Typical objective for this transformation is (1) preserving information in the data matrix, while reducing computational complexity; (2) improving separability of different classes in data.
A2. Dimensionality reduction as feature selection or feature extraction:
I'll use the ubiquitous Iris dataset, which is arguably the 'hello world' of data science. Briefly, the Iris dataset has 3 classes and 4 attributes (columns). I'll illustrate feature selection and extraction for the task of reducing Iris dataset dimensionality from 4 to 2.
I compute pair-wise co-variance of this dataset using library in Python called seaborn.
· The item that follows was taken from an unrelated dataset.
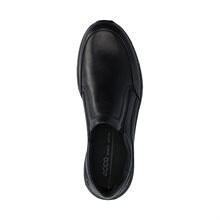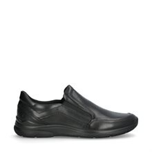 Irving, slip-in skor i svart skinn från Ecco med resår på sidorna för lättare insteg och bekväm passform. Vadderad runt bakkappan. Lätt sula med Ecco Fluidform, uttagbara innersulor i textil.

The code is: sns.pairplot(iris, hue="species", markers=["o", "s", "D"]) The figure I get is
I can select the pair of attributes (2 dimensions) that provide me the greatest separation between the 3 classes (species) in the Iris dataset. This would be a case of feature-selection.
Next up is feature extraction. Herein, I am projecting the 4-dimensional feature space of Iris to a new 2-dimensional subspace, which is not axis aligned with the original space. These are new attributes. They are typically based on the distribution in the original high dimensional space.
The most popular method is Principal Component Analysis, which computes Eigenvectors in the original space.
Obviously, we are not restricted to using only a linear and global projection to a subspace based on Eigenvectors. We can use non-linear projection methods as well.
Here is an example of non-linear PCA using neural networks
The attributes (dimensions) in the last example are extracted from the original 4 attributes using neural networks. You can experiment with various flavors of PCA for iris dataset youself using this pca methods code.
Summary:
While feature extraction methods may appear to be superior in performance to feature selection, the choice is predicated by the application. The attributes from feature extraction typically lose physical interpretation, which may or may not be an issue based on the task at hand. For example, if you are designing a very expensive data collection task with costly sensors and need to economize on the attributes (number of different sensors), you'd want to collect a small pilot sample using all available sensors and then select the ones that are most informative for the big data collection task.